マイクロソフト、GitHub、GitLab、BitBucketの4社は、人気のGitソフトウェアクライアント「GitKraken」に脆弱性が発見されたことを受け、SSHキーの大量失効措置を開始したと発表しました

9月下旬、GitKrakenチームは、2021年5月12日から2021年9月27日の間にリリースされたバージョン7.6.x、7.7.x、8.0.0に実装されていたオープンソースのSSH鍵生成ライブラリに欠陥があることを発見しました。
この欠陥により、弱い形式の公開SSH鍵が作成されていました。脆弱な鍵はエントロピーが低く作成されるため、鍵が複製される確率が高くなります。
GitKrakenのエンジニアリングチームは、バージョン8.0.1の時点で、従来のSSH鍵生成ライブラリを新しいものに置き換えることで、この問題を修正しました。注:バージョン8.0.1以降にアップグレードしたユーザーは、GitKrakenで生成された鍵が影響を受けるバージョンで生成されたものであれば、引き続き鍵を交換する必要があります。
また、Gitホスティングサービスを提供しているGitHub、Bitbucket、GitLab、およびAzure DevOpsにも連絡を取り、この問題について注意を促しました。これらのプロバイダーと緊密に連携し、使用されていた脆弱な公開鍵を無効にしました。
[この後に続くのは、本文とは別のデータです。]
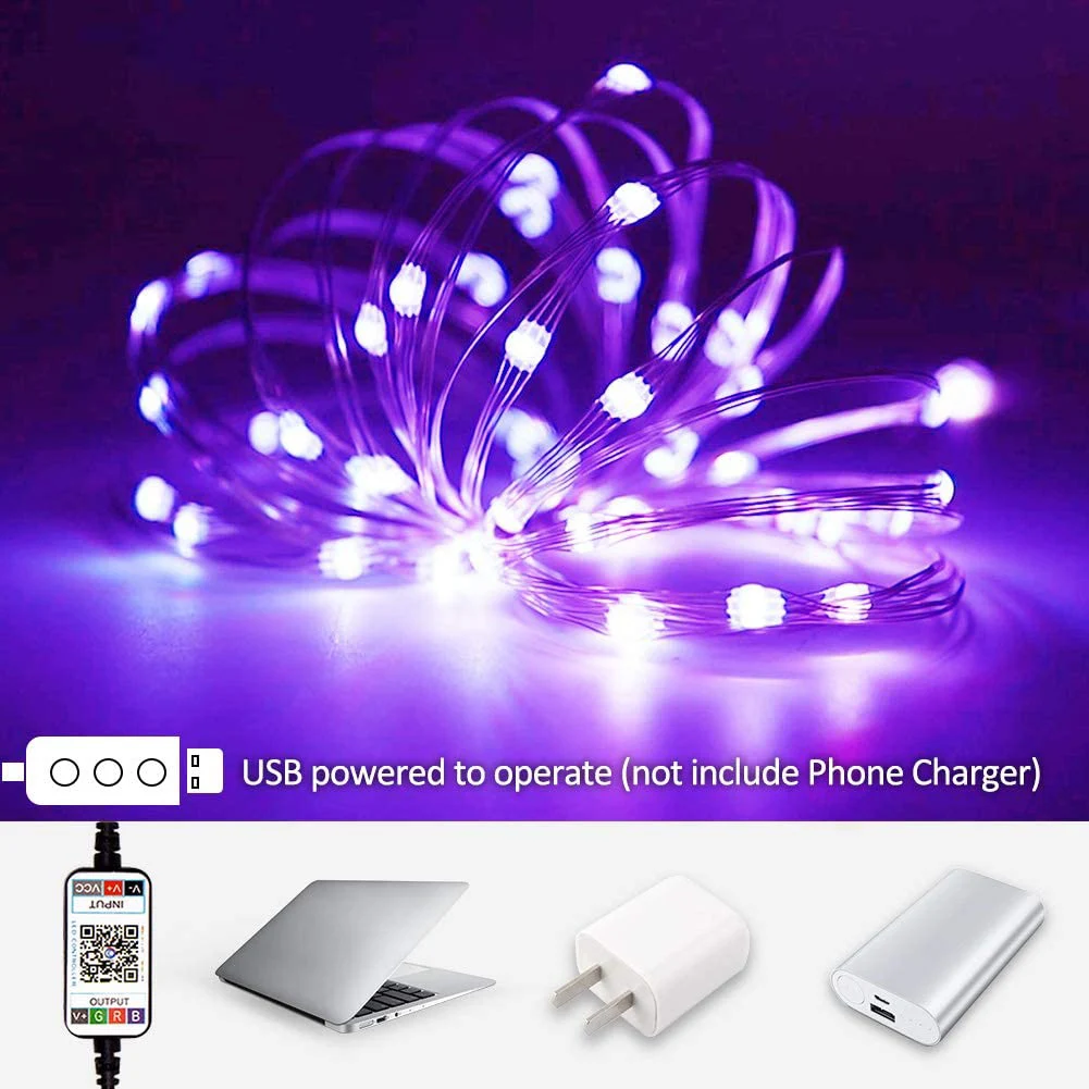 USB СВЕТОДИОДНЫЙ светильник-гирлянда с Bluetooth управлением через приложение медный провод многоцветная струнная лампа водонепроницаемый Сказочный светильник s для декора рождественской елки
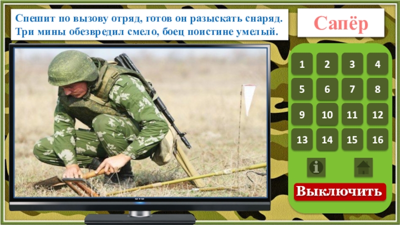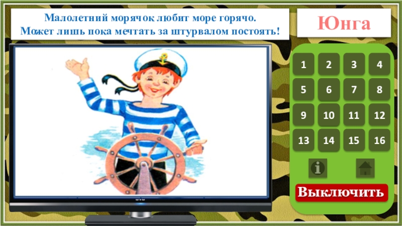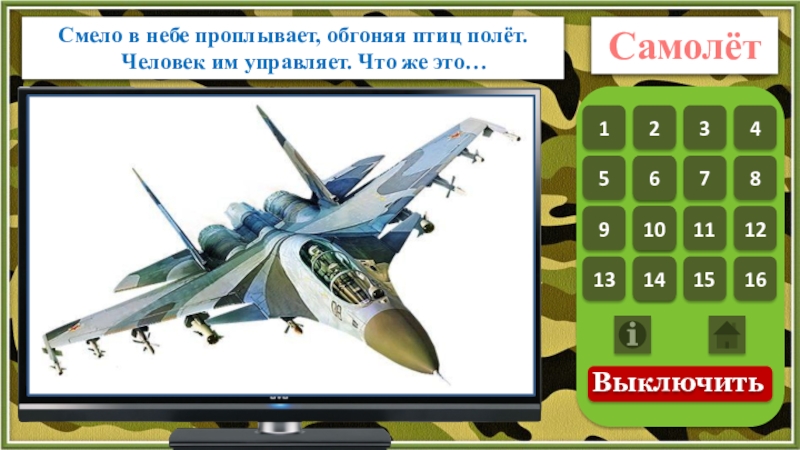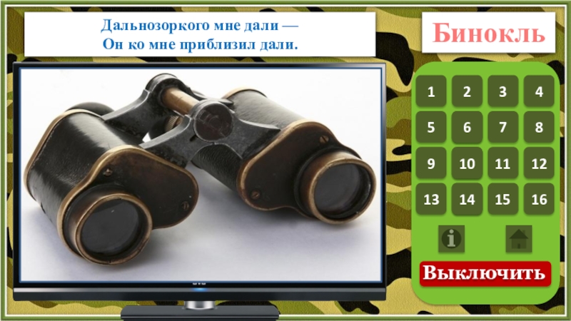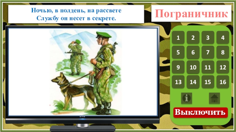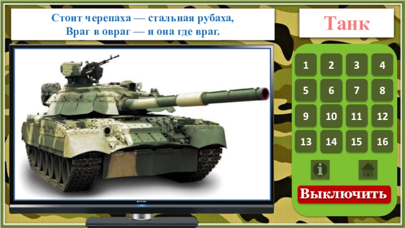 и щёлкните по ней. Если ответ правильный, появится картинка с отгадкой.Для перехода к любой загадке используйте клавиши с числами на пульте.
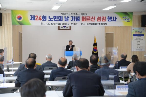 대한노인회 논산시지회가 주관하는 노인의 날 행사는 매년 시민운동장에서 대규모 행사로 개최되었으나 올해는 코로나19 확산방지를 위해 참석인원을 최소화하고 사회적 거리두기를 실천하는 등 방역수칙을 철저하게 준수하며 행사를 진행했다.
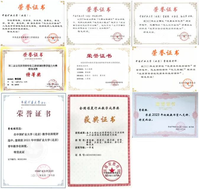 她不断改进创新教育教学方法,教学能力和水平受到校内外广泛认可,先后获评北京市思政教学名师、北京高校优质本科课程主讲教师、校青年名师和教书育人先锋等荣誉称号,在全国化工原理教学能力决赛中获特等奖,在北京市教学创新比赛中荣获三等奖。
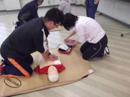 今回はAEDの使用法、心肺蘇生法と、包帯法や止血法などの応急処置を江戸川消防署の方に教えていただきました。
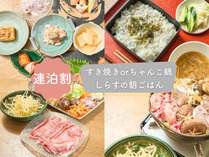 【連泊割】〔二食付/朝しらす〕すき焼きorちゃんこ鍋+一品料理5品/朝はしらす丼
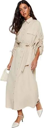 Women's Beigefarbenes, Verstellbares, Detailliertes Hemdkleid aus Baumwollgewebe mit Gürtel, Beige, 42

可能な限り、影響を受けた鍵は、Gitホスティングサービスプロバイダーによって永久的にブロックされています。
今回の大量失効は、GitKrakenを開発したアリゾナ州のソフトウェア企業Axosoft社の要請によるもので、同社は自社のソフトウェアにセキュリティ上の欠陥があることを発見した企業でもあります。
Axosoft社はブログ記事で、GitKrakenアプリのバージョン7.6.x、7.7.x、8.0.0では、「keypair」というライブラリを使用してSSHキーを生成し、開発者がGitKrakenアプリをAzure DevOps、GitHub、GitLab、BitBucketなどのリモートGitソースコードホスティングサーバーのアカウントに接続できるようにしていたと説明しています。
しかし、Axosoft社によると、このライブラリの古いバージョンではエントロピーの低いRSA鍵が生成されるため、攻撃者は特定の条件下でこのライブラリを使用して、重複したSSH鍵を生成することができるとのことです。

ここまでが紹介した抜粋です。